Abdellah Taïa livre ici un texte autobiographique qui s’apparente à un recueil de nouvelles dans lesquelles il évoque divers épisodes portant sur des expériences vécues ou sur des personnes qu’il a côtoyées. Il est originaire de Salé, juste à côté de Rabat, et avait conscience qu’il n’avait pas d’avenir au Maroc. Il se lance dans des études de lettres, en France, à Paris. Loin de sa ville natale, il se met à rêver de sa ville et de son pays. Il évoque de micro-événements qui sont empreints d’émotions. Dans ces courts chapitres aux allures de nouvelles, le lecteur y croise la mère de l’écrivain, son frère qu’il admire beaucoup, un professeur de littérature, un cousin qui lui permet de se recueillir à Larache sur la tombe de Jean Genet … Il parle aussi de son amour pour le cinéma, de son envie de réalisation, du corps nu de Juliette Binoche sur grand écran …

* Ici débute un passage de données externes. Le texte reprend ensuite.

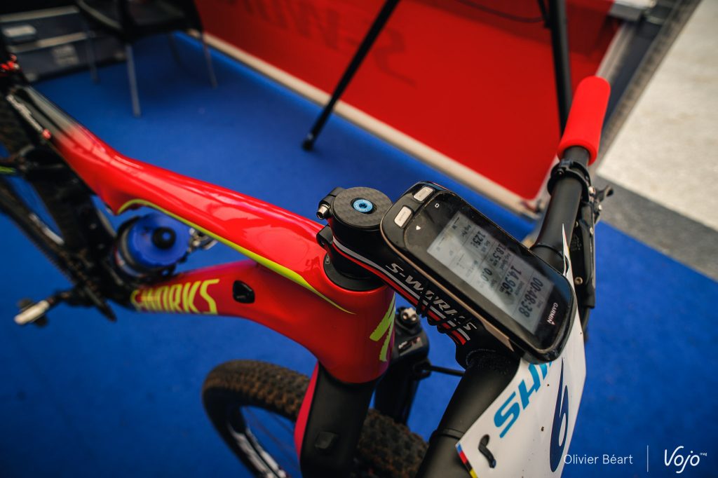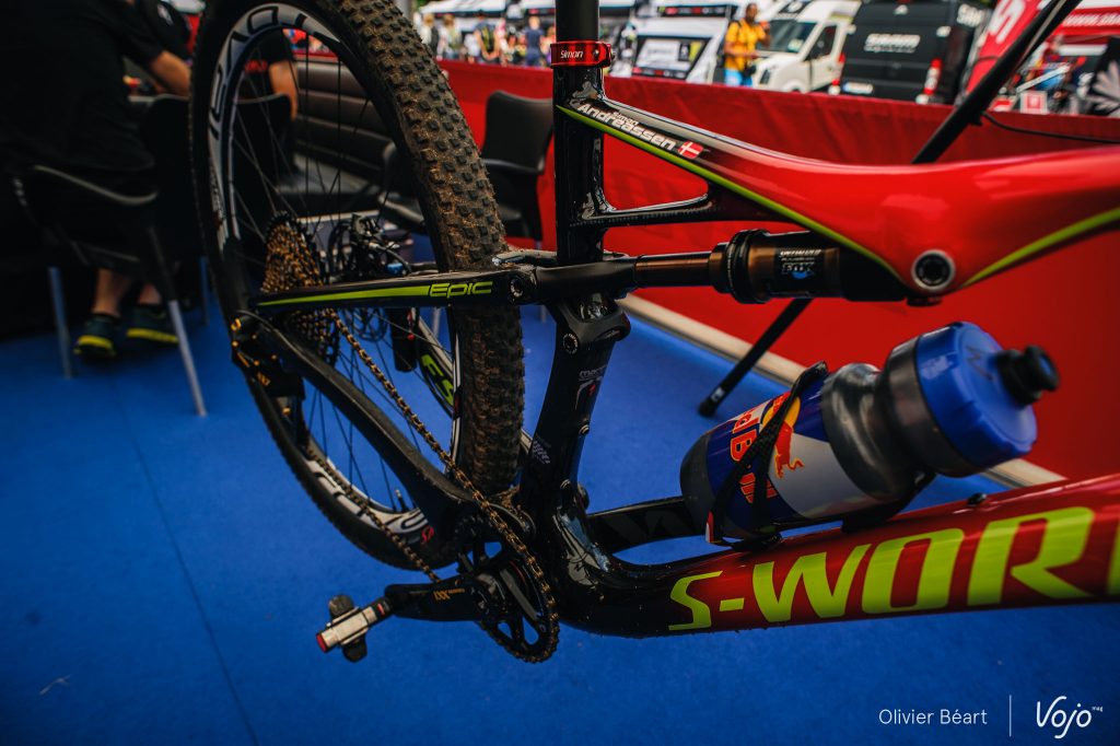L’arrière du vélo nous semble aussi un peu différent de l’Epic World Cup actuel. Passerait-il au Boost ? Nous en saurons plus d’ici quelques semaines. Pour les voir en action, rendez-vous dans nos portfolios de la course Espoir Hommes et Dames.
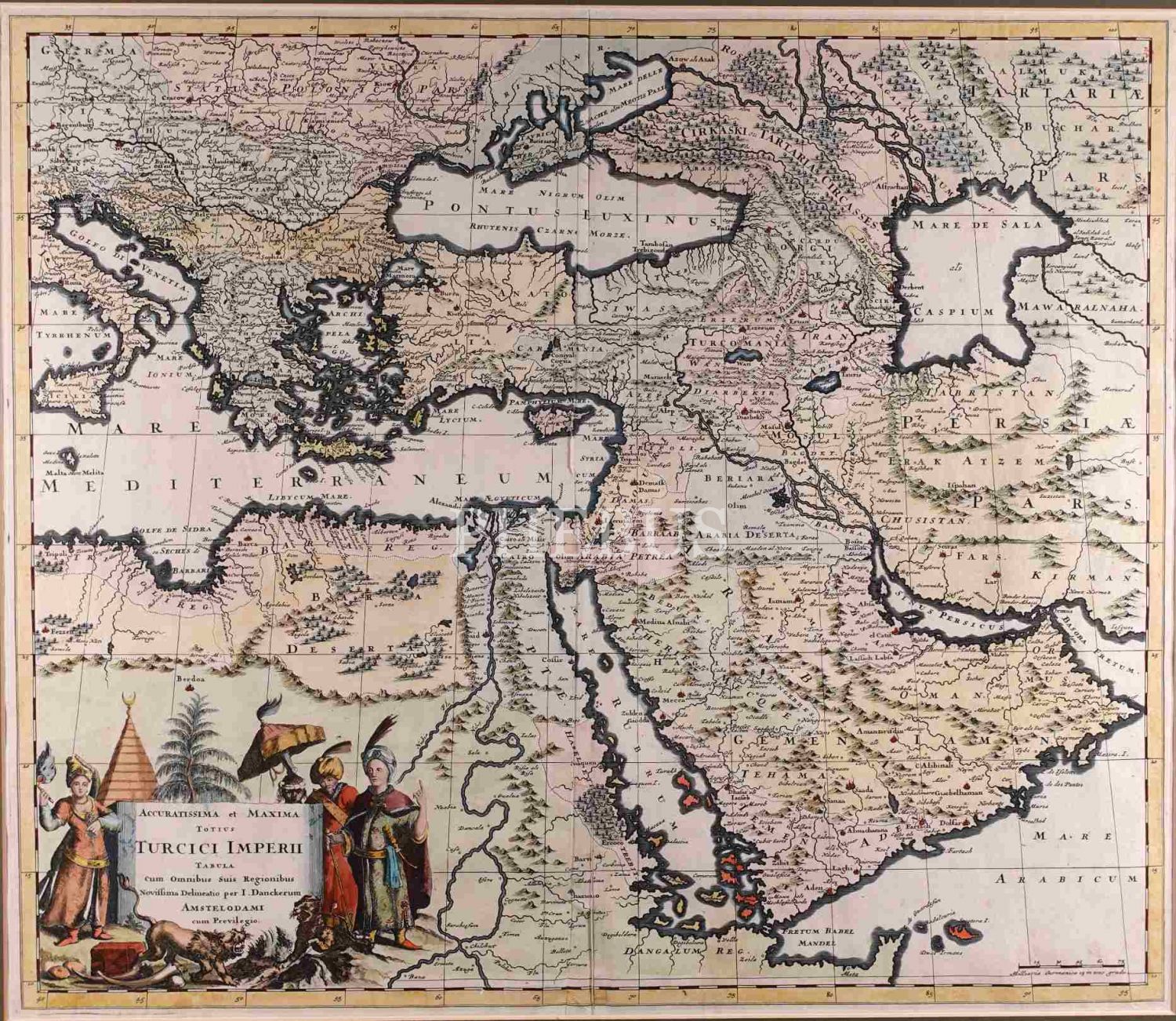 Hollanda´nın önde gelen coğrafi harita yayıncısı ailelerinden biri olan Danckerts ailesine mensup olan Justus Danckerts (1635-1701) tarafından yayımlanan harita, Mısır, Yunanistan ve Arap yarımadası dahil olmak üzere dönemin Osmanlı İmparatorluğu topraklarını ayrıntılı bir şekilde göstermektedir. Sol alt köşede yer alan harita künyesinin etrafı kostümlü Osmanlı tipler, aslanlar ve çadır gibi egzotik görsellerle süslenmiştir.

Ces textes se lisent avec un grand plaisir. Elles nous font voyager dans le Maroc d’Abdellah Taïa, un Maroc touchant, parfois violent, sensuel aussi. Cette ville de Salé semble transfigurée sous sa plume. Il évoque son passé avec ses pirates et ses marchés aux esclaves. Cette ville semble habitée par certains mythes. Ce n’est pas pour autant que tout est idéalisé. Certains épisodes sont évoqués avec réalisme et interpellent le lecteur. Certains personnages sont touchants et le lecteur aurait peut-être aimé poursuivre leur histoire sur plusieurs pages. Ici, Abdellah Taïa opte pour une forme brève et ses textes sont comme des instantanés qui nous donnent à voir un point précis. Ils agissent comme une mosaïque qui lorsqu’elle est reconstituée donne à voir le Maroc d’Abdellah Taïa tout en permettant de mieux comprendre et connaître l’auteur marocain.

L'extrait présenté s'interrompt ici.